** Exercise material follows **

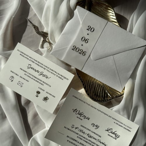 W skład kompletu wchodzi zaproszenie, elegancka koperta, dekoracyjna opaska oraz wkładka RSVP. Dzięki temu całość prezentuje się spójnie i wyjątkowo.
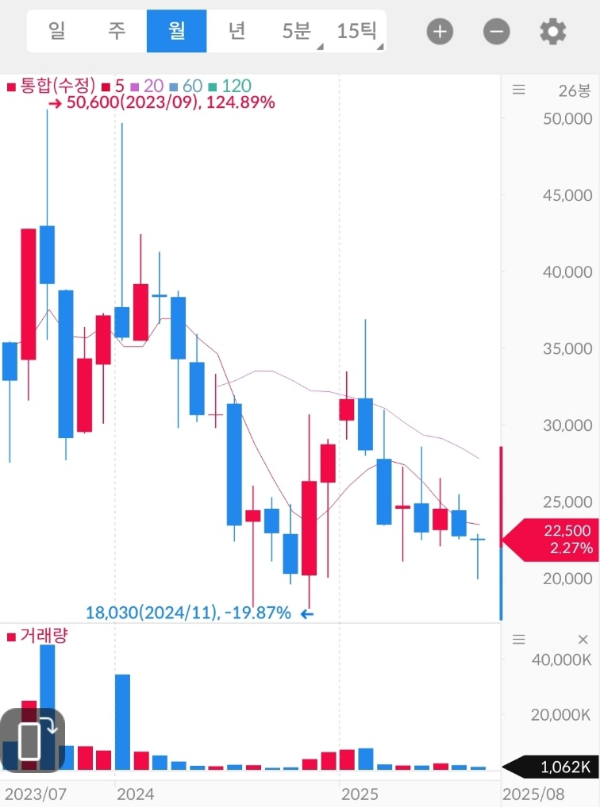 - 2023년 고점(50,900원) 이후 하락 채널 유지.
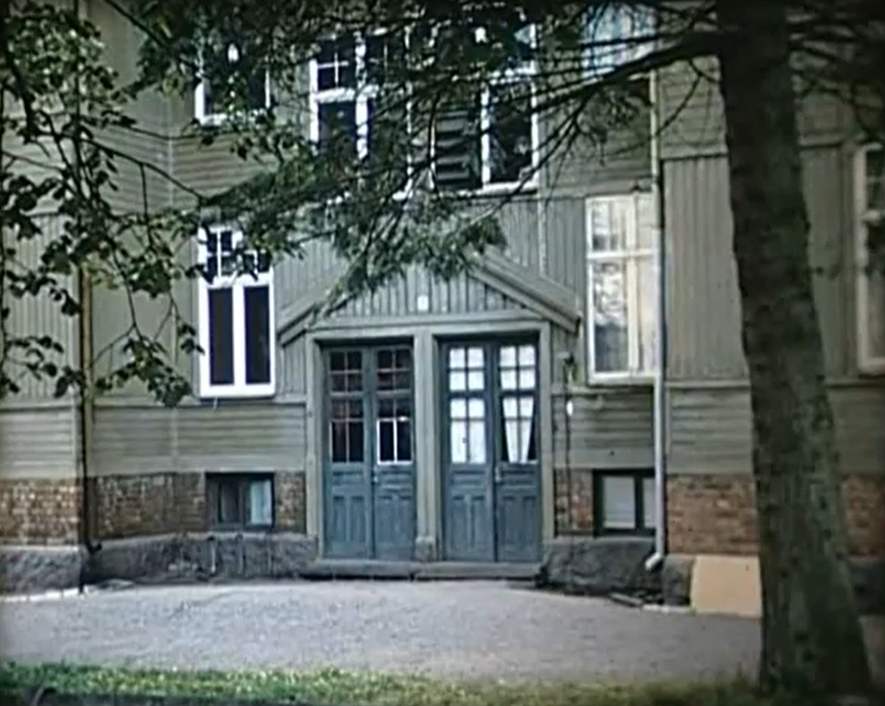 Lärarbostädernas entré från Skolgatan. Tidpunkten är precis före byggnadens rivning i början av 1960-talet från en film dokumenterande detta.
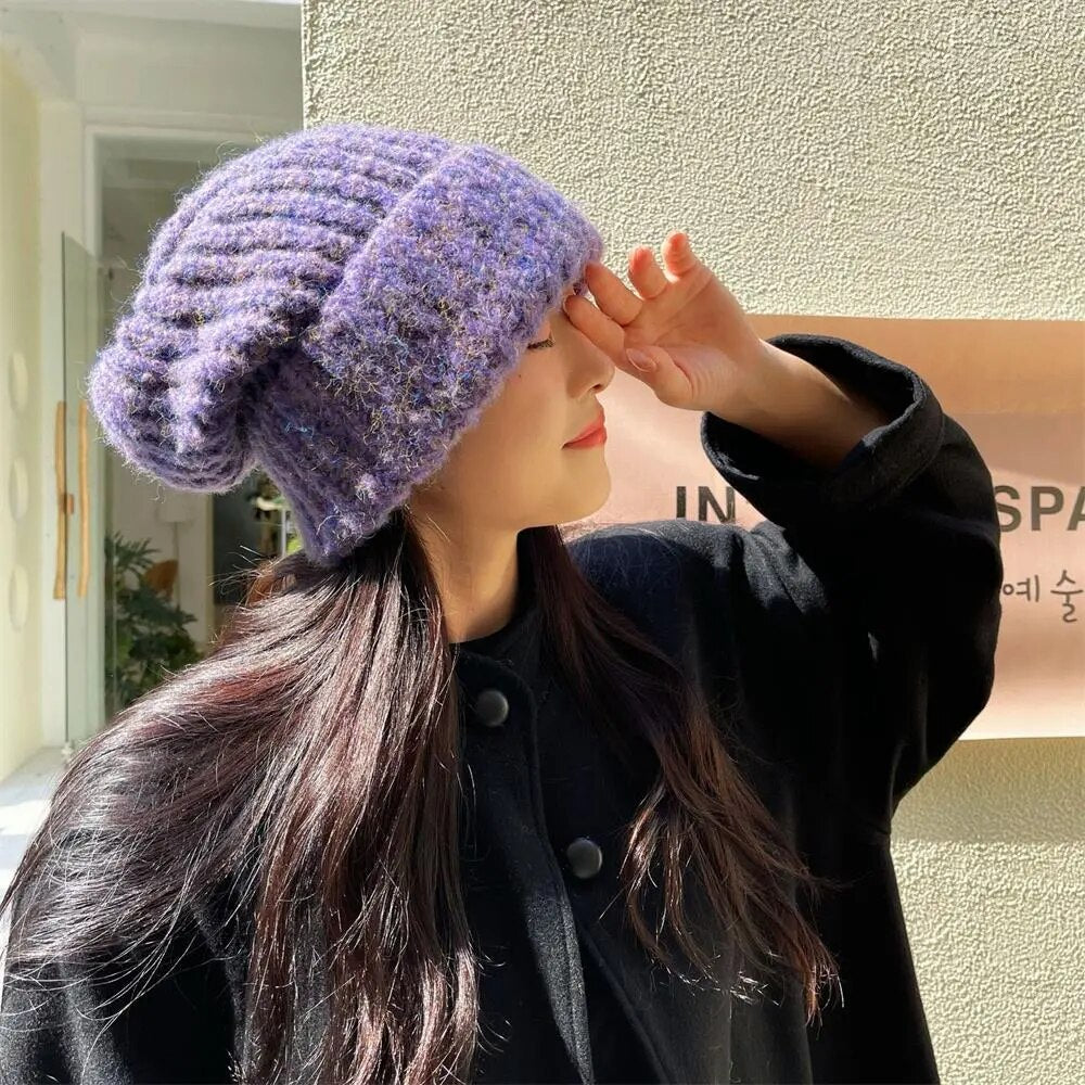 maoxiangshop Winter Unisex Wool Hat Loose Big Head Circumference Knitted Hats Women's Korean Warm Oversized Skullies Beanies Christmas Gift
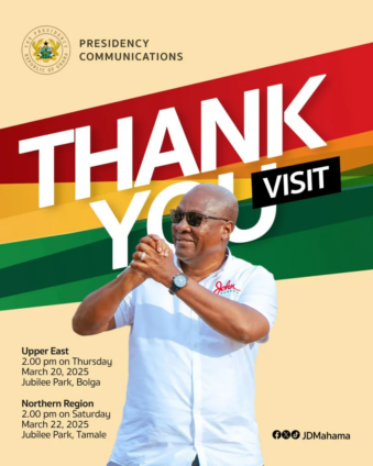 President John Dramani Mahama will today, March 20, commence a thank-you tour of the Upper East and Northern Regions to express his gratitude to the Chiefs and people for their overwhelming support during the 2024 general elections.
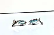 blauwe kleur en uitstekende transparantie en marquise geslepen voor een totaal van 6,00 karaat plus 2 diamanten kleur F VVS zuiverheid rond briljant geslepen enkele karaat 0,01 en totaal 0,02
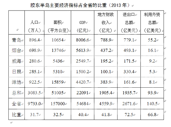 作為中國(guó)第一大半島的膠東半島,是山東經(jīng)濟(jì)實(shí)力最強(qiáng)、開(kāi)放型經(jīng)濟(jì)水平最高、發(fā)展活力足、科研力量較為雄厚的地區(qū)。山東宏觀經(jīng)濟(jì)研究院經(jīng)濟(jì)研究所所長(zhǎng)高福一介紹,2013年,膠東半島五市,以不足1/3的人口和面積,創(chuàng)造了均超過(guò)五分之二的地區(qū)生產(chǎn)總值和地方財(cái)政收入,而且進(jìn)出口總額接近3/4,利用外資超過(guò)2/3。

** End of Exercise material **
** Exercise material follows **

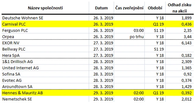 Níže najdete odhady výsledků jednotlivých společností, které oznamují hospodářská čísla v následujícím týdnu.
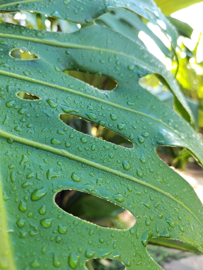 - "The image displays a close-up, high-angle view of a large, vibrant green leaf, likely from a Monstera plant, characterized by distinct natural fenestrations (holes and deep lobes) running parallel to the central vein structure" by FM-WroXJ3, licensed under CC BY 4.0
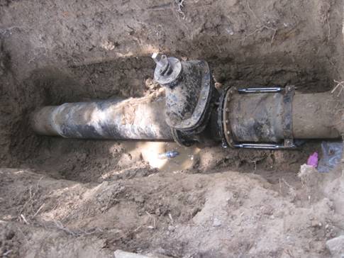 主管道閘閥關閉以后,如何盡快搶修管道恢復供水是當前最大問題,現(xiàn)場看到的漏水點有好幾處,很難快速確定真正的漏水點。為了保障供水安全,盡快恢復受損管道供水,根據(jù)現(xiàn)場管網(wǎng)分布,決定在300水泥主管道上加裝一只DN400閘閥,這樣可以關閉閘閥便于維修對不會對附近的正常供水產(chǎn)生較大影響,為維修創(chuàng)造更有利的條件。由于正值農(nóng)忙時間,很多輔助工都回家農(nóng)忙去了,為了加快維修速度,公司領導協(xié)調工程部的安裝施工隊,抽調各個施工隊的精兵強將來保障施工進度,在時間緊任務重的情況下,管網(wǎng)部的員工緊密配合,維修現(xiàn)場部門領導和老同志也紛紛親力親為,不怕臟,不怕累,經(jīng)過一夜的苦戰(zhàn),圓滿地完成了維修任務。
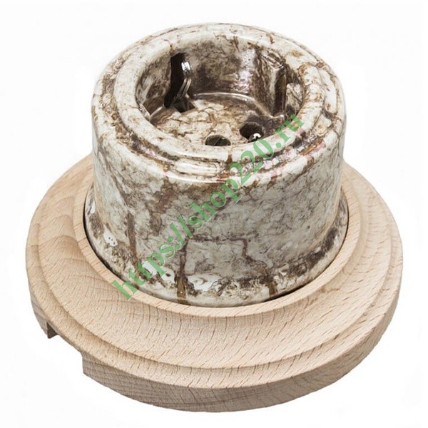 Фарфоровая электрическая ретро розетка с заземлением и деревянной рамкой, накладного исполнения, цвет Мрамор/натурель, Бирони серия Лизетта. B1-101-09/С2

** End of Exercise material **

* **Exercise**
With the pictures removed, print only the lines starting at the line that has "W skład kompletu" and ending at the line that has "maoxiangshop Winter Unisex", both ends included, exactly as they stand above.

* **Your solution**
 W skład kompletu wchodzi zaproszenie, elegancka koperta, dekoracyjna opaska oraz wkładka RSVP. Dzięki temu całość prezentuje się spójnie i wyjątkowo.
 - 2023년 고점(50,900원) 이후 하락 채널 유지.
 Lärarbostädernas entré från Skolgatan. Tidpunkten är precis före byggnadens rivning i början av 1960-talet från en film dokumenterande detta.
 maoxiangshop Winter Unisex Wool Hat Loose Big Head Circumference Knitted Hats Women's Korean Warm Oversized Skullies Beanies Christmas Gift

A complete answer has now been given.